In 2016, track and field athletes at Penn sued to be classified as employees but lost (Berger v NCAA); however, in a concurring opinion Judge David Hamilton noted that the case should be dismissed because Penn does not offer scholarships and track and field is not a revenue sport. That a football player at an FBS school might be an employee wasn’t an implication on Hamilton’s part; it was flatly stated in his concurrence.
State courts have ruled athletes are not employees for worker’s compensation purposes in the past, but there’s been no legitimate challenge to the employment status of college athletes on the federal level where an athlete has sued a school. That changed last year, when former Villanova defensive back Trey Johnson sued the NCAA and 22 schools in Pennsylvania, New Jersey, and Delaware. This suit was based on a former lawsuit, Livers v NCAA. Long story short, that case was dismissed with two different plaintiffs, but on procedural grounds.
During those proceedings, the presiding judge first refused the NCAA’s motion to dismiss, stating that there were enough facts on the table to hold a trial on whether the Fair Labor Standards Act applies; he also rejected a defense the NCAA has used repeatedly — that the tradition of “amateurism” defines and defends their position — in a separate motion. That’s big, and bolsters Johnson’s case.
We’ve gone on at absurd length here, and we apologize, but there’s a point to all this. Thus far, the NCAA has not yet had to defend itself in court against the charge of using student labor to make billions of dollars in revenue. This is one of the key aspects of the FLSA that the NCAA is desperate to avoid having heard in court, because there can be no reasonable argument that the act of recruiting football players to come to your school specifically in order to play football, which is indeed a business and brings in forty million dollars annually into your school’s coffers, is not “employment”.
Of course, the most important thing to note here is that as far as wages go, ruling football players to be employees is sort of a meaningless point. The value of a scholarship does in fact exceed minimum wage at basically every Division I school even if players have to work 40 hours a week 52 weeks a year. (They don’t, obviously.)

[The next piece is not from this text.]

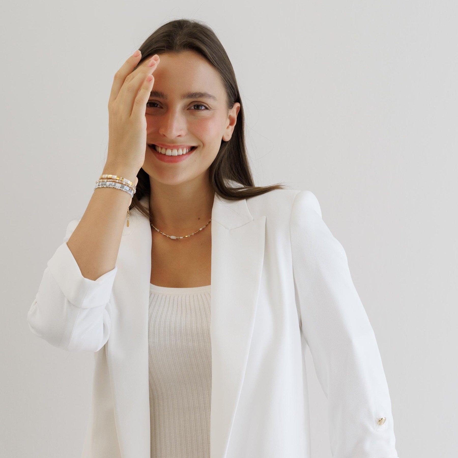 Ce nouveau collier Gotha de Køss Design est réalisé à partir de pierres naturelles, une perle naturelle et d'acier inoxydable doré à l'or fin. Il peut se porter soit ras du cou, soit plus allongé, un coup de cœur assuré.

But once you’re legally an employee, the value of your work product becomes negotiable. You’re entitled to worker’s compensation, unemployment, and a host of other benefits and protections.

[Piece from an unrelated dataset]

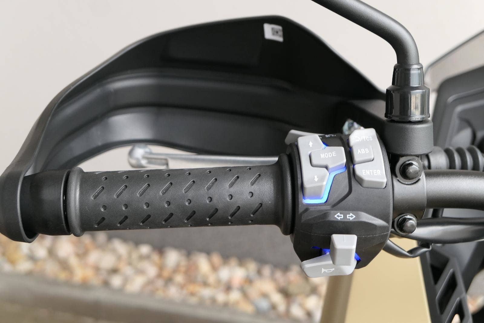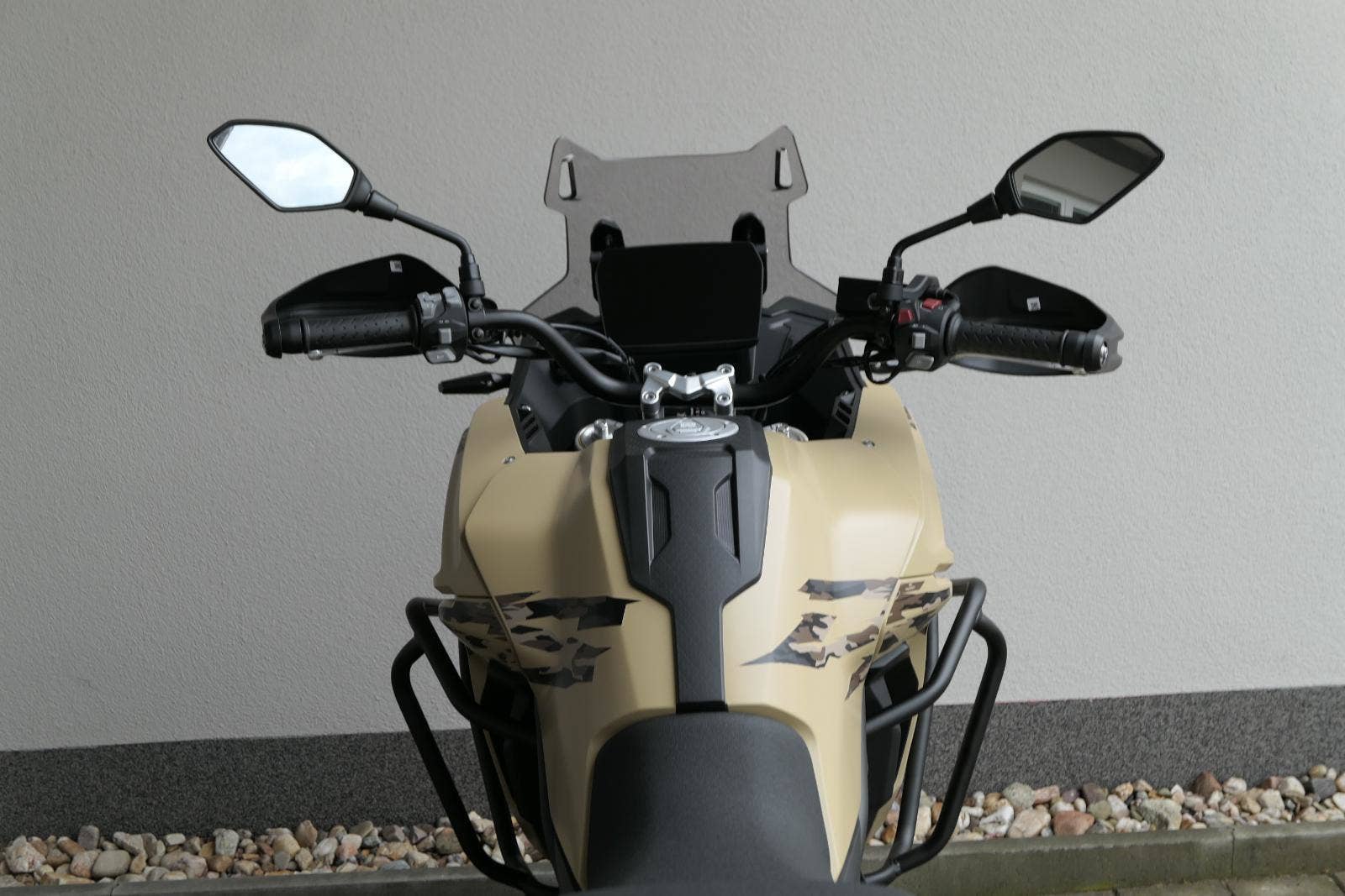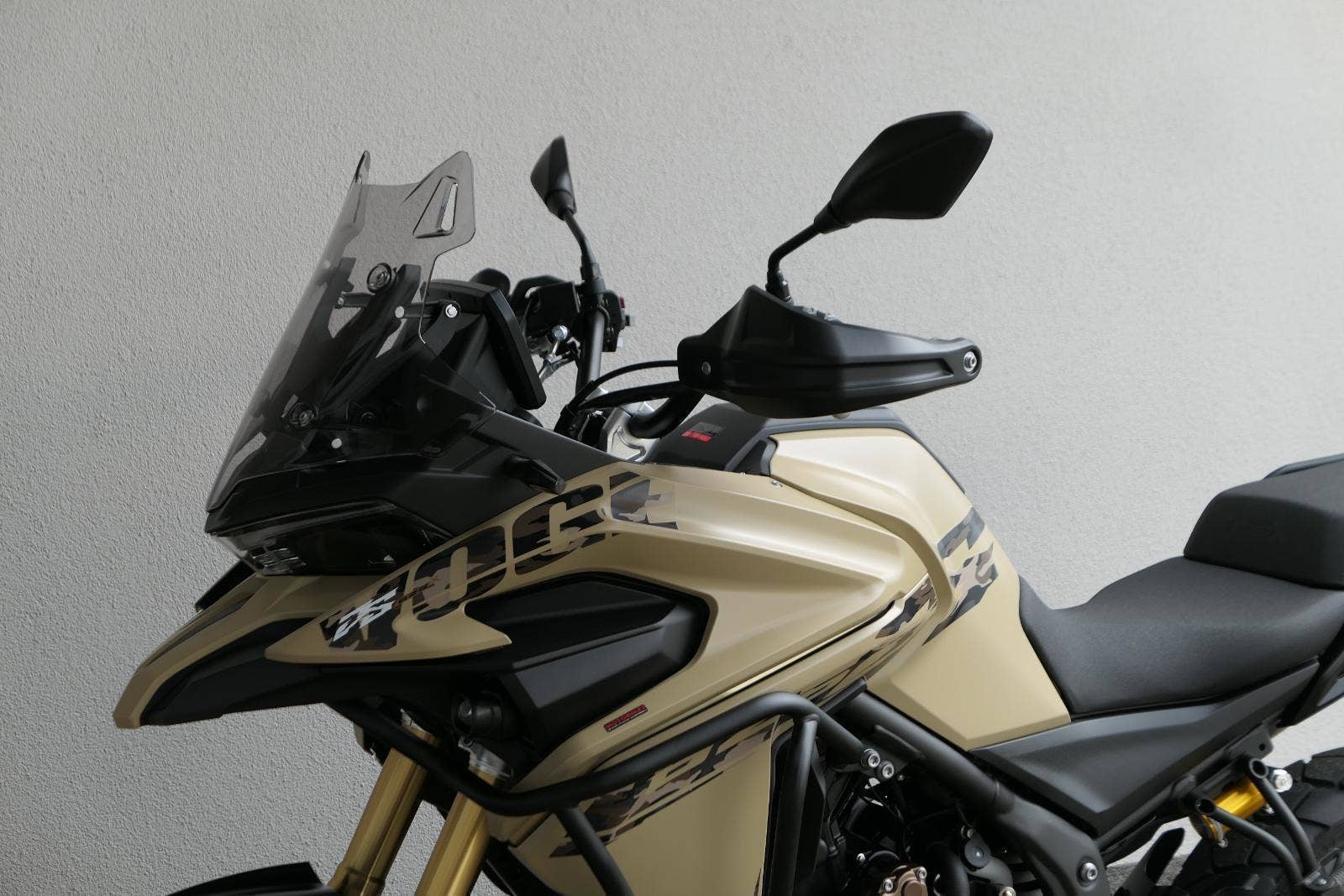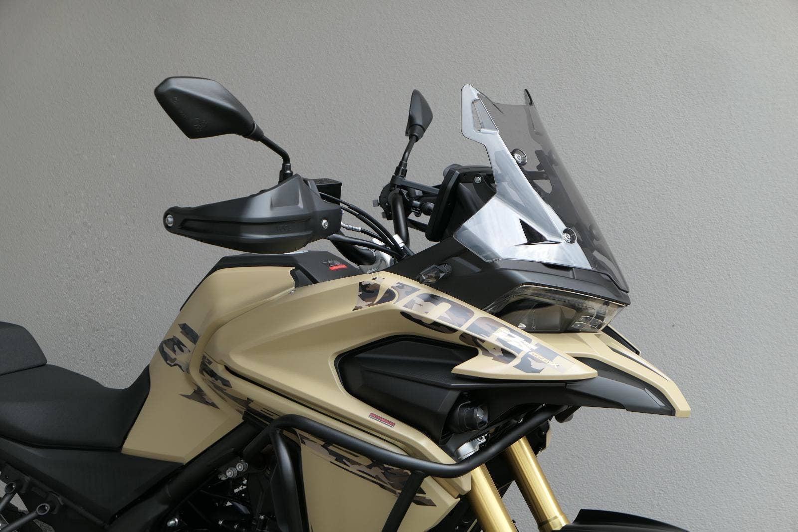 Těšit se můžeš taky na plexi, který si z místa řidiče bez nářadí nastavíš do dvou poloh. Oceníš i hliníkovej kryt motoru, LED světla včetně přídavnejch bodovek, boční i středovej stojan a hafo další výbavičky. Jo, a nově mám taky podsvícený ovladače na řídítkách, takže už žádný tápání ve tmě.

It’s vital to remember, faced with this, that the NCAA’s efforts to keep athletes from being deemed employees originally stemmed from trying to avoid those very things.
Whether Lawrence and Fields and friends will have a real impact on the way the NCAA goes about its business with athletes is an open question. But having names this huge signing onto this movement is going to at least make the needle quiver. It’ll be fascinating to see how this all plays out in the end, but there’s one thing about which you can be sure:
Trevor Lawrence isn’t going to be punitively benched for having the unmitigated gall to demand fair labor treatment, so this isn’t going away quietly.